§ **MATERIAL PROVIDED**:
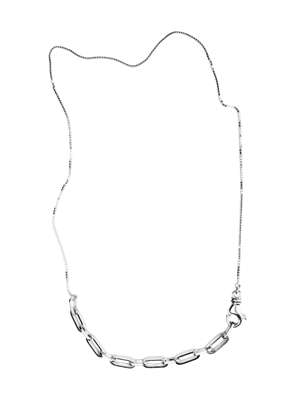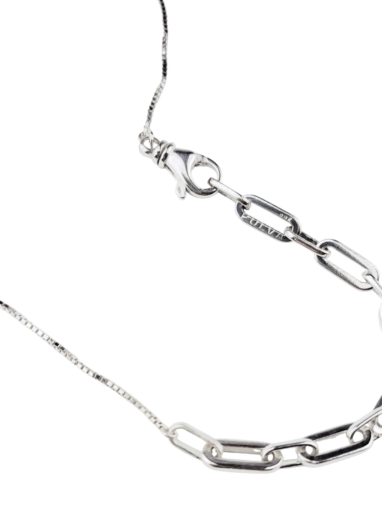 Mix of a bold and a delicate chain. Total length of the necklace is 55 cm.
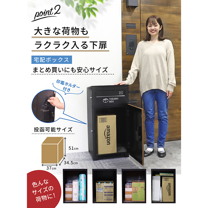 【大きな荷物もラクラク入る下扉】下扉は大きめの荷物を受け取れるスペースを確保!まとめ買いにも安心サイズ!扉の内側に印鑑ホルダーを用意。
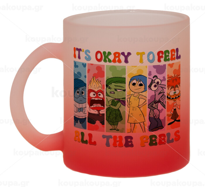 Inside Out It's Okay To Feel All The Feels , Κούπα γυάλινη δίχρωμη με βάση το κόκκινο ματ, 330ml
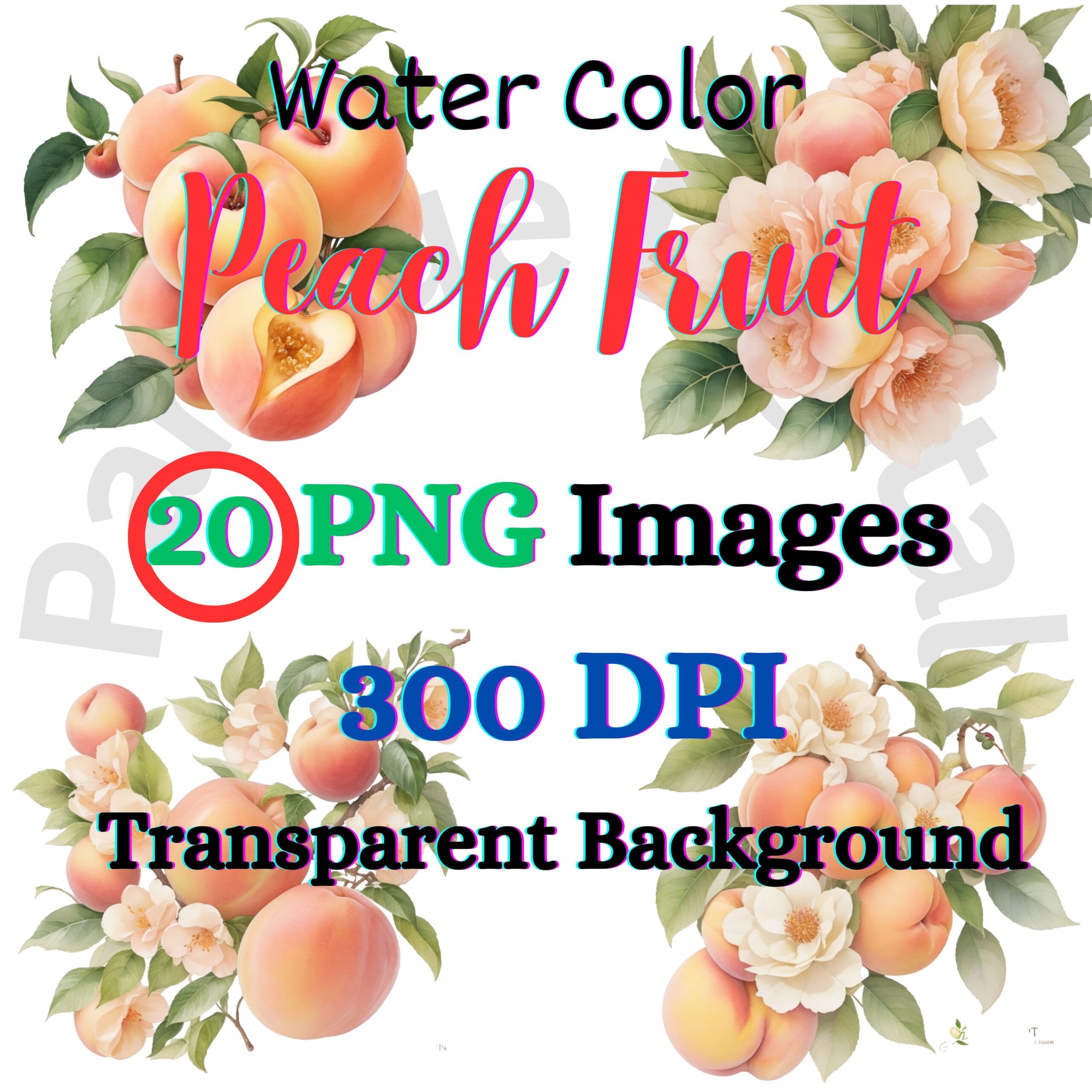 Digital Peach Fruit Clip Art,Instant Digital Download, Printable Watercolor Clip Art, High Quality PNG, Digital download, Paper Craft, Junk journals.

§ **WORK TO COMPLETE**: All of the data above should be quoted exactly, except for the pictures.

§ **RESPONSE TO THIS TASK**:
 Mix of a bold and a delicate chain. Total length of the necklace is 55 cm.
 【大きな荷物もラクラク入る下扉】下扉は大きめの荷物を受け取れるスペースを確保!まとめ買いにも安心サイズ!扉の内側に印鑑ホルダーを用意。
 Inside Out It's Okay To Feel All The Feels , Κούπα γυάλινη δίχρωμη με βάση το κόκκινο ματ, 330ml
 Digital Peach Fruit Clip Art,Instant Digital Download, Printable Watercolor Clip Art, High Quality PNG, Digital download, Paper Craft, Junk journals.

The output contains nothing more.